If you’re worried about your daughter and her family, go support them. You say you have plenty of money so go rent a place and help for a set period of time. Let them have a date night, do fun things with your granddaughter, and keep your opinions to yourself.
Anonymous
Anonymous wrote:I'm thinking the couple lives where they do so that OP can't meddle in their lives any more than she's already doing.


Sadly, this is probably true even though OP may be a perfectly nice person and good mom.

I am guessing OP did not live near her parents or her husband’s parents either and didn’t think it through or consider that this would happen to her as well.
Anonymous

Didn’t read whole thread.


OP it’s financially irresponsible for the couple to factor possible inheritance into decision making unless they have the money now or at least have assurance about it (e.g., a dedicated trust separate from $$ for your medical care).

They don’t know how much you have. They don’t know if it will all need to be spent on end of life care or if you will live to 100 and they won’t see a penny until after retirement age.

If you want this to be generational wealth that ends up impacting life choices you need to rethink your strategy. If you don’t want to actually cut them in on the $$ now, don’t knock them for going after their own.
Anonymous
Op, ask your daughter to do more chores around the house. That should improve her sex life
Anonymous
Anonymous wrote:OP sounds crazy, unrelenting and narcissistic. But she’s not wrong about the social media box-ticking and careerism. It can exact a price unless people are really supercharged and lucky. But dcum doesn’t want to hear it.

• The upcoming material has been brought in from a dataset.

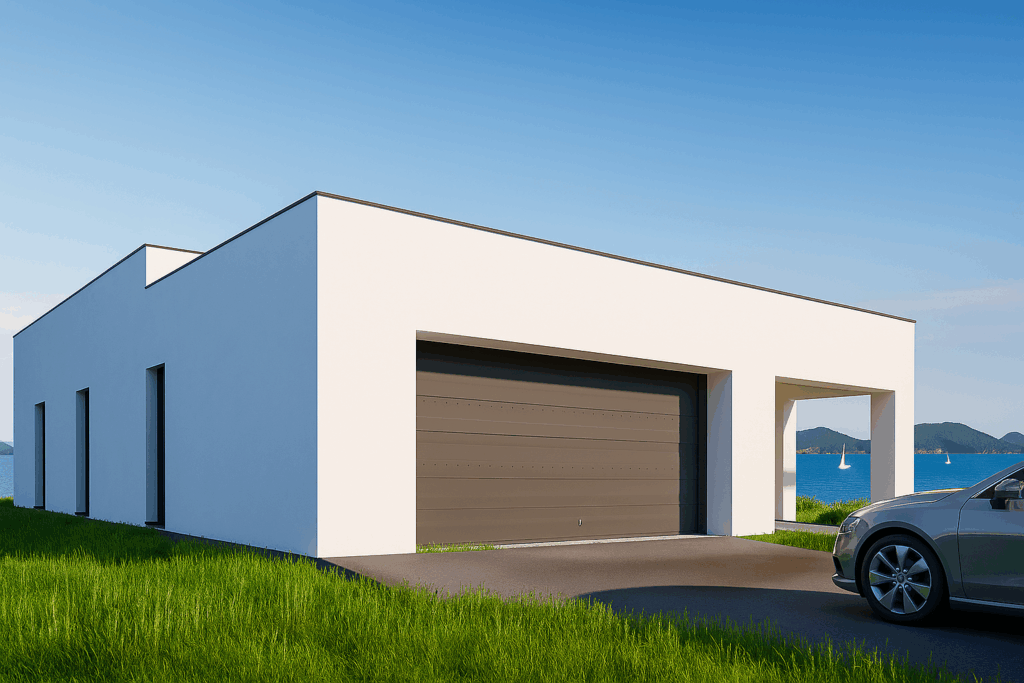 Sculpted in crisp white and charcoal, this minimalist flat‑roof villa offers pure modern geometry set against endless blue sea horizons.

Not everyone can pull off all the accomplishments and optics AND have a relaxed, happy home. DH and I couldn’t.


Makes me recollect an Orwell line in The Road To Wigan Pier about upper middle class strivers "clinging like glue to their miserable fragments of social prestige."
Anonymous
Anonymous wrote:You taught her this, she’s living what you expected and now you’re complaining.

You’re the problem, it’s you.


Not necessarily. Just raise your kids in a pretentious social climbing town like Bethesda.
Anonymous
Anonymous wrote:My parents bought a second home near me and live here 6 months of the year. Why haven't you done similarly? You're retired.


Do you live in a sun belt state ex. Florida?
Anonymous
This has nothing to do with her "marrying well" and everything to do with her wanting to get away from you.
Anonymous
Anonymous wrote:You taught her this, she’s living what you expected and now you’re complaining.

You’re the problem, it’s you.


This. 100% this.
Anonymous
Why are you so enmeshed with her? Why is she telling you about her sex life? Why are you still linking your happiness to your adult daughter?
Anonymous
Anonymous wrote:I'm thinking the couple lives where they do so that OP can't meddle in their lives any more than she's already doing.